Write out the data exactly as given, dropping every picture.
═══ Supplied records ═══
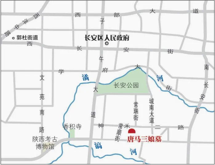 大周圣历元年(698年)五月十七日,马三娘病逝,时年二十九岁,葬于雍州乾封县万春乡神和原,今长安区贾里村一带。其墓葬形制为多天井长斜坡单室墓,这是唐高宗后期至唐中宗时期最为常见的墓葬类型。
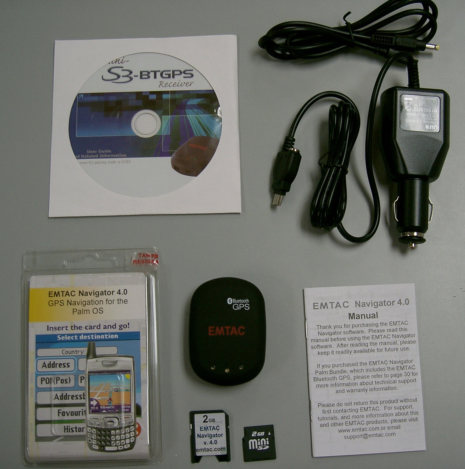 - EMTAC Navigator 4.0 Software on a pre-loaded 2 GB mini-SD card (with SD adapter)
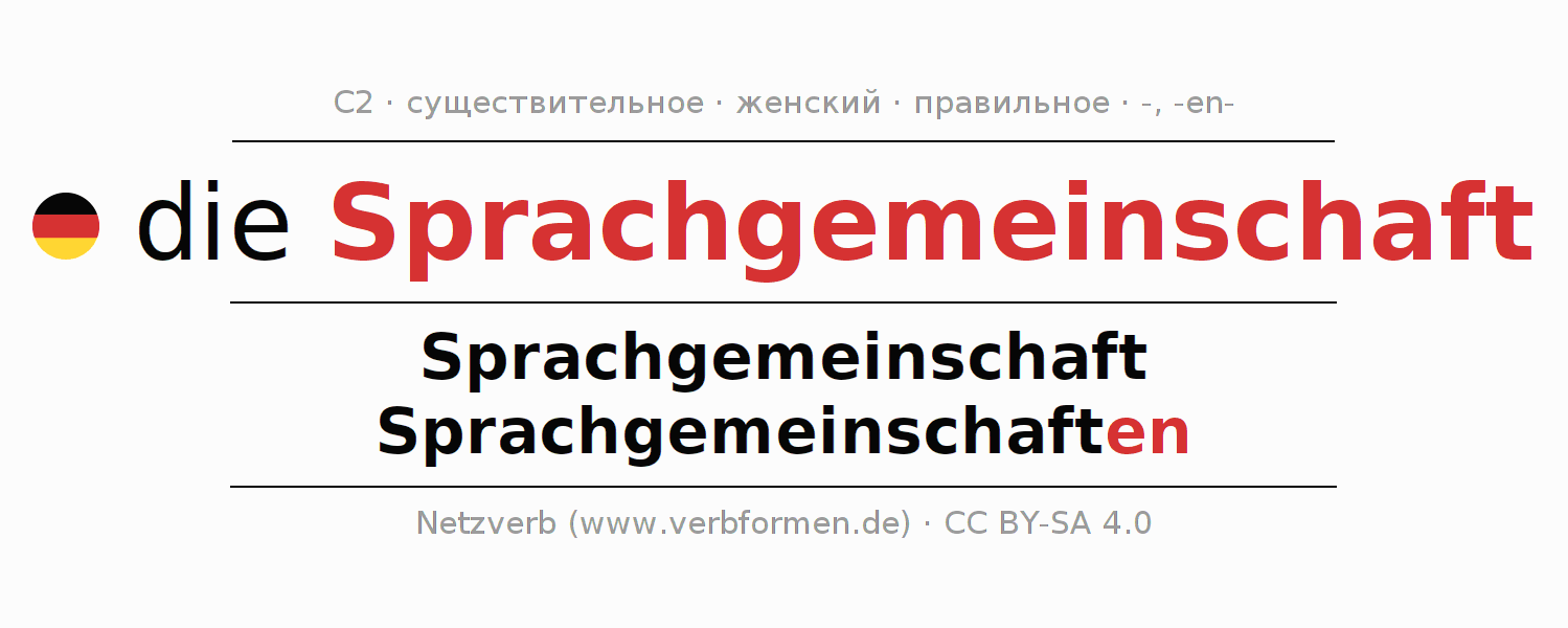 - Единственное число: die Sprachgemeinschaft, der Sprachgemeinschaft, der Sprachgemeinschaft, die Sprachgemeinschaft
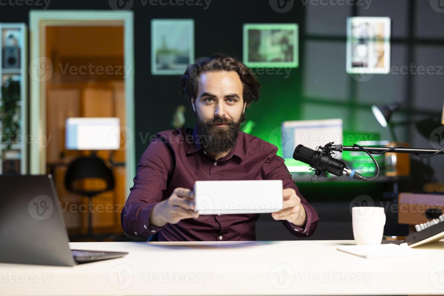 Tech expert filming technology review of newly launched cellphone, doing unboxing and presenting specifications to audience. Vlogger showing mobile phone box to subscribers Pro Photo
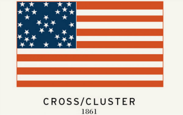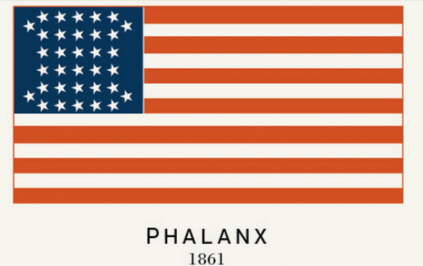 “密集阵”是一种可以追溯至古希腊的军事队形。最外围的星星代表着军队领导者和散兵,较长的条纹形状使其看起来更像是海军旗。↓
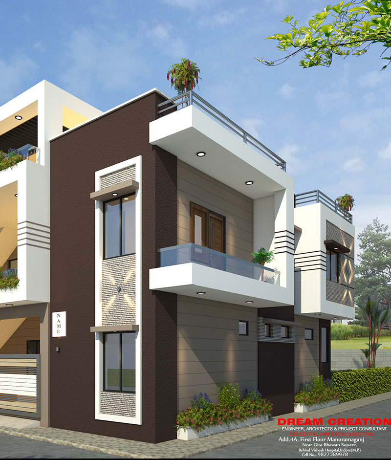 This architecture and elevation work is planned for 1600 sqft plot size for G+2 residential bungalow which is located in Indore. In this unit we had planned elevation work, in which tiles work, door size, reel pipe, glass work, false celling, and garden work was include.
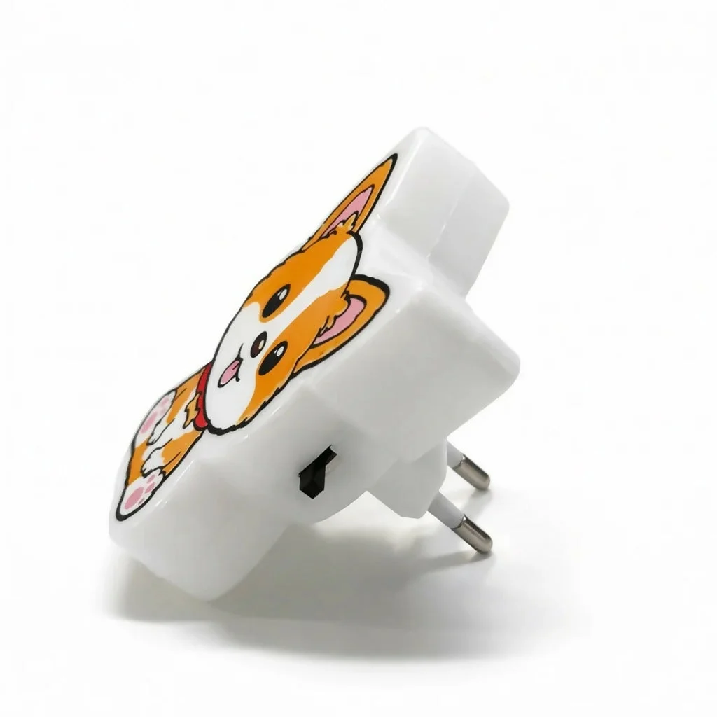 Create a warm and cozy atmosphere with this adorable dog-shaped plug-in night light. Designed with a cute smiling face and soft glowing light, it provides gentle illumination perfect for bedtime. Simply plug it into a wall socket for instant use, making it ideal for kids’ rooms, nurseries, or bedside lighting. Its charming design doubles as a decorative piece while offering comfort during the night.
═══
- **Task output**
 大周圣历元年(698年)五月十七日,马三娘病逝,时年二十九岁,葬于雍州乾封县万春乡神和原,今长安区贾里村一带。其墓葬形制为多天井长斜坡单室墓,这是唐高宗后期至唐中宗时期最为常见的墓葬类型。
 - EMTAC Navigator 4.0 Software on a pre-loaded 2 GB mini-SD card (with SD adapter)
 - Единственное число: die Sprachgemeinschaft, der Sprachgemeinschaft, der Sprachgemeinschaft, die Sprachgemeinschaft
 Tech expert filming technology review of newly launched cellphone, doing unboxing and presenting specifications to audience. Vlogger showing mobile phone box to subscribers Pro Photo
 “密集阵”是一种可以追溯至古希腊的军事队形。最外围的星星代表着军队领导者和散兵,较长的条纹形状使其看起来更像是海军旗。↓
 This architecture and elevation work is planned for 1600 sqft plot size for G+2 residential bungalow which is located in Indore. In this unit we had planned elevation work, in which tiles work, door size, reel pipe, glass work, false celling, and garden work was include.
 Create a warm and cozy atmosphere with this adorable dog-shaped plug-in night light. Designed with a cute smiling face and soft glowing light, it provides gentle illumination perfect for bedtime. Simply plug it into a wall socket for instant use, making it ideal for kids’ rooms, nurseries, or bedside lighting. Its charming design doubles as a decorative piece while offering comfort during the night.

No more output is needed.